Desde entonces dudé de la política y, sobre todo, de los políticos que pregonan el cambio con obstinación. Incluso hablan de “transformación”. Transformación no es lo mismo que revolución, que significa derribar lo anterior para imponer un estado de cosas diferente: en este instante el mundo renace y continúa en la eternidad.

Esto último requiere de una carga intolerable de megalomanía del caudillo que la encabeza, que está convencido de que solo él tiene las respuestas; también es, consciente o inconscientemente, solo una estrategia para conseguir y permanecer en el poder.
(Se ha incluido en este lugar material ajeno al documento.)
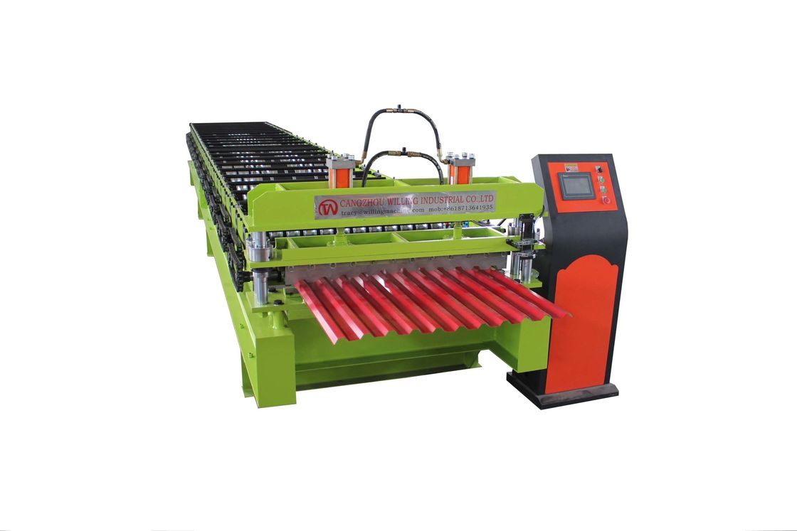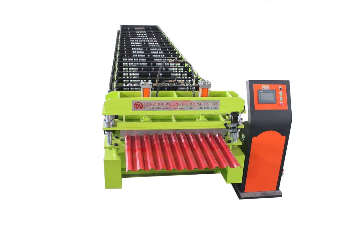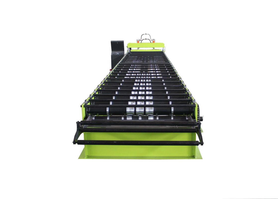 Our roll forming machine consists of the following parts: the main body of the color steel tile press, the PLC computer control system, the hydraulic pump station system, and the automatic post-cutting system.

Políticamente, no elude un sentido racista, nacionalista y vengativo. Se habla de transformación, como de una revolución: una vuelta violenta al revés. Destruir lo que se ataca y posesionarse (ganarle, robarle) de su lugar. No en balde también se hablaba de algo muy similar a las transformaciones y revoluciones (siempre nacionalistas, vengativas), en los temibles movimientos que propiciaron la Primera y la Segunda Guerra Mundial del siglo pasado. Ambiciosos proyectos basados en nacionalismos, venganzas, destrucciones y fundaciones o refundaciones de nuevos imperios de mil años.

Por eso son tan sospechosas las revoluciones. Al final, no harán ningún cambio. Un grupo, casi siempre una minoría, desea ganar el poder —y los beneficios que reporta— y lo consigue por la fuerza, o los votos en una democracia. Su propaganda habrá servido solo para ganar adeptos entre la muchedumbre insegura y desinformada. Sus promesas serán siempre, como dicen, “clientelares”. Seducen con promesas vanas para obtener su voto mayoritario. Y la muchedumbre se deja llevar, cree que es tomada en cuenta, aunque sea para un engaño. Por eso se le ha hablado en los términos que quería escuchar. “El pueblo manda y yo obedezco”, vociferan, pero como creen que ellos son la representación del pueblo, ellos dicen y hacen, siempre en nombre del pueblo, lo que les da la gana. Es el efecto del ventrílocuo. El muñeco que habla es el pueblo, pero el que habla por el pueblo es el caudillo que lo manipula.

En los años sesenta mis dudas se anidaban en el partido hegemónico —no dictadura— de ese momento. Cincuenta años después, existe otro partido hegemónico que sigue, como una calca, los mismos pasos. Merecidamente, tiene todas mis dudas.

El hijo del pueblo, del compositor guanajuatense José Alfredo Jiménez, es un homenaje kitsch al pueblo y a su pobreza, conceptos que siempre se anotan juntos: “alejado del bullicio de la falsa sociedad”. Lo kitsch es un producto forzado por la tradición que, de tan vulgar, consigue méritos propios. En Jiménez es gracioso: “Descendiente de Cuauhtémoc / mexicano por fortuna”. ¿Y los otros indios que no eran como Cuauhtémoc (más de 60 etnias en México), o los conquistadores, los pobres y olvidados que hubo muchos, no valdrán lo mismo? No, la ignorancia se petrifica en el centralismo, en la elección de un pueblo entre otros y el de una raza entre otras. Los españoles que originaron el México que conocemos por su historia contemporánea, y que, por lo tanto, son tan “originarios” como los otros mexicanos, no existen, o solo mientras sirvan como espectros del mal.

Pero Jiménez es más auténtico que los políticos kitsch, que gustan de halagar al “pueblo” para conseguir su aplauso y aprobación, de América hispana. Dice en El hijo del pueblo: “Yo compongo mis canciones / pa’ que el pueblo me las cante / y el día que el pueblo me falle / ese día voy a llorar”. Claro que va a llorar, llorar y llorar.

En este nuevo año de 2019, extremada cautela con los nacionalismos, regionalismos, orgullos de raza (así sean de la América india), etcétera, propios de las “transformaciones” y revoluciones, porque estas suelen cambiar, simplemente, a un grupo de amos por otros, como escribió el filósofo Herbert Read.